:: Dataset

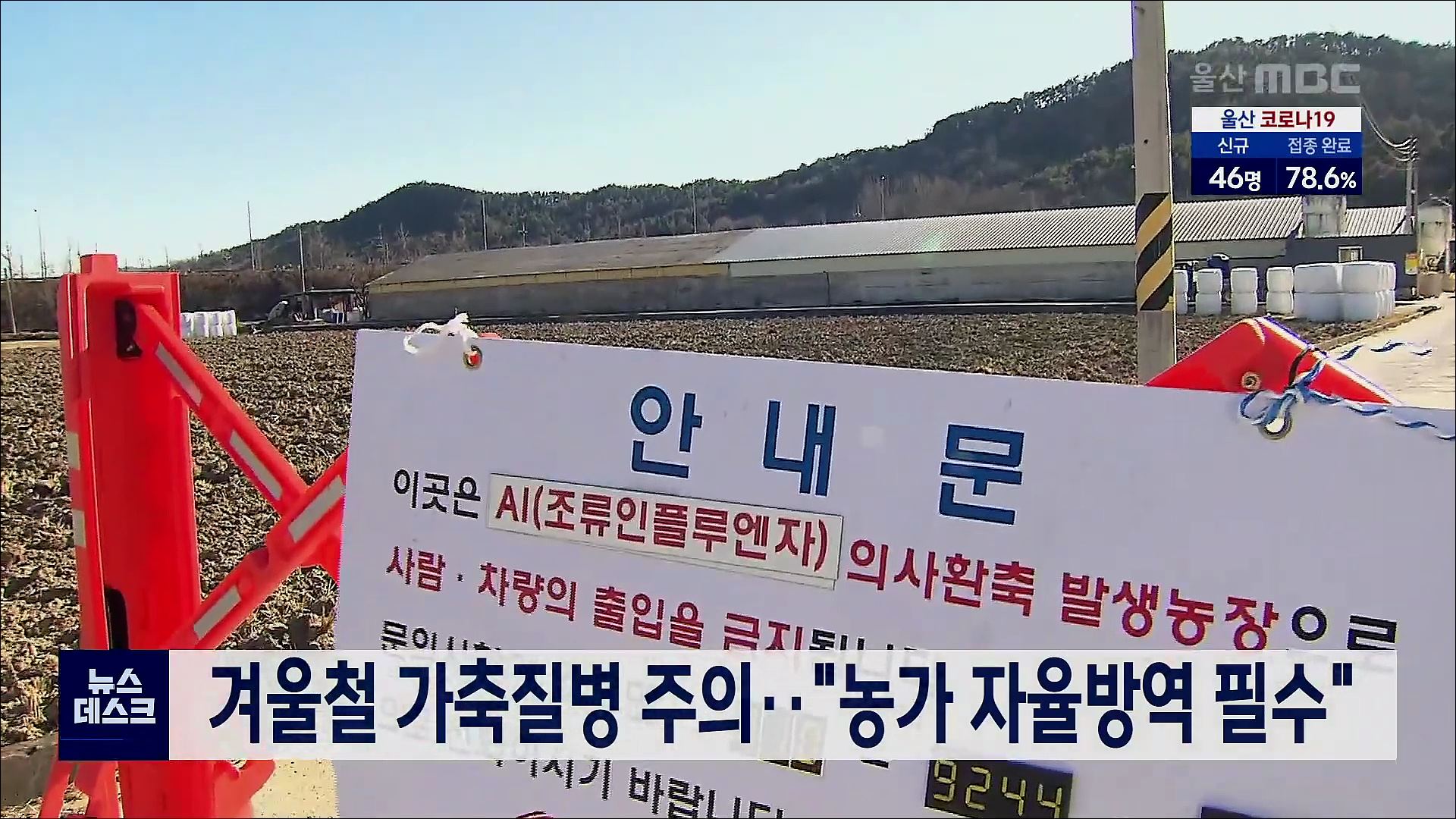 겨울철 들어 전국 각지에서 가축 질병이 늘어나면서 울산보건환경연구원이 축산 농가에 방역 강화를 당부했습니다. 연구원은 지난달부터 충청도와 전라도 지역 가금류 농장에서 고병원성 조류 인플루엔자가 퍼지고 있고 소 결핵병도 증가하는 추세라고 밝혔습니다. 또 아프리카돼지열병에 감염된 야생멧돼지 발견 지역이 경...
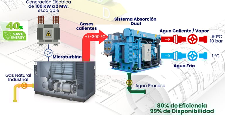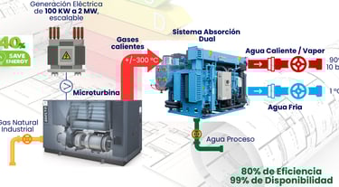 La cogeneración consiste en generar electricidad, calor simultáneamente a partir de un único proceso. En un sistema de cogeneración, una turbina de gas o microturbina produce electricidad y genera gases de escape calientes como subproducto. Estos gases de escape, que en un sistema convencional serían liberados al ambiente, son aprovechados para generar vapor o agua caliente, que puede ser utilizado para calefacción o en procesos industriales sin necesidad de consumir energía adicional.
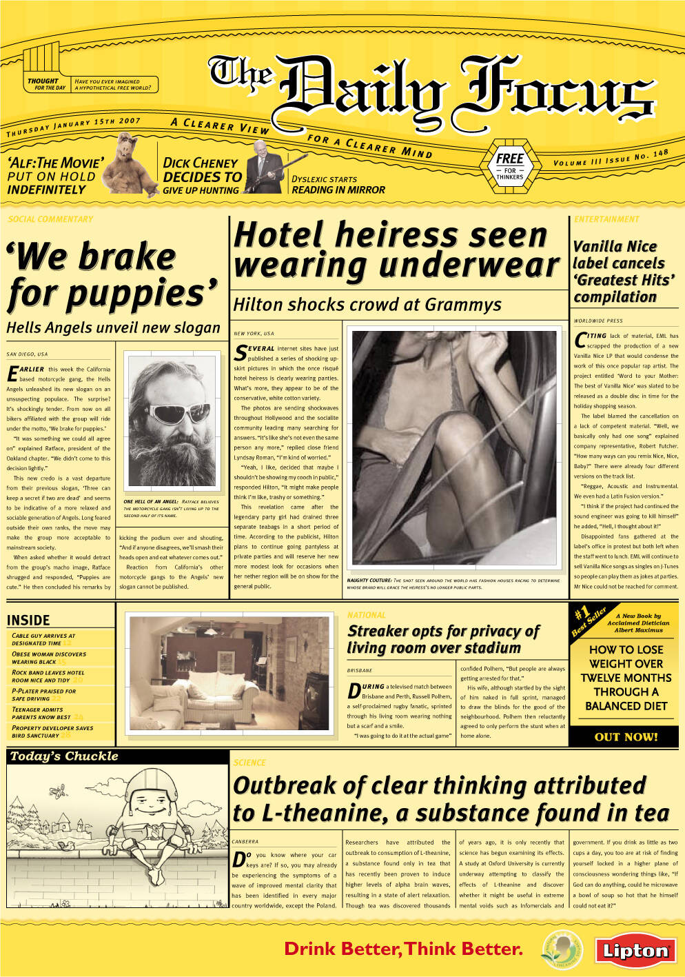 This NSFW professional campaign titled 'Daily Focus, Hilton' was published on September 18, 2007. This Print medium campaign is related to the Drinks (Non Alcoholic) industry and contains 1 media asset. It was submitted about 18 years ago.
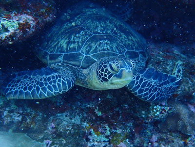 そのカメさんの甲羅に乗って、甲羅を啄んでいたゴイシギンポ♪ | ||||
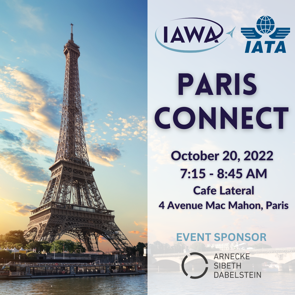 Please join IAWA, in partnership with IATA, for a Breakfast Connect at the IATA Legal Symposium in Paris, France. This event will take place at the Cafe Lateral (4 Avenue Mac Mahon, 75017 Paris) from 7:15 AM to 8:45 AM.
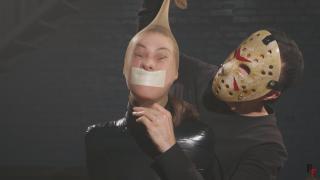 I step in close and pull a pair of pantyhose over her head, then begin wrapping her face and head with more duct tape, layer after layer, leaving only a small opening so she can breathe through her nose. Her world shrinks fast - vision gone, sound muffled, movement reduced to tiny, helpless shifts.

::::

Task item. Copy exactly the material above from the line with "そのカメさんの甲羅に乗って、甲羅を啄んでいたゴイシギンポ♪ | ||||" to the line with "Please join IAWA, in", ends included, and nothing else. Leave out any picture.

Expected answer.
 そのカメさんの甲羅に乗って、甲羅を啄んでいたゴイシギンポ♪ | ||||
 Please join IAWA, in partnership with IATA, for a Breakfast Connect at the IATA Legal Symposium in Paris, France. This event will take place at the Cafe Lateral (4 Avenue Mac Mahon, 75017 Paris) from 7:15 AM to 8:45 AM.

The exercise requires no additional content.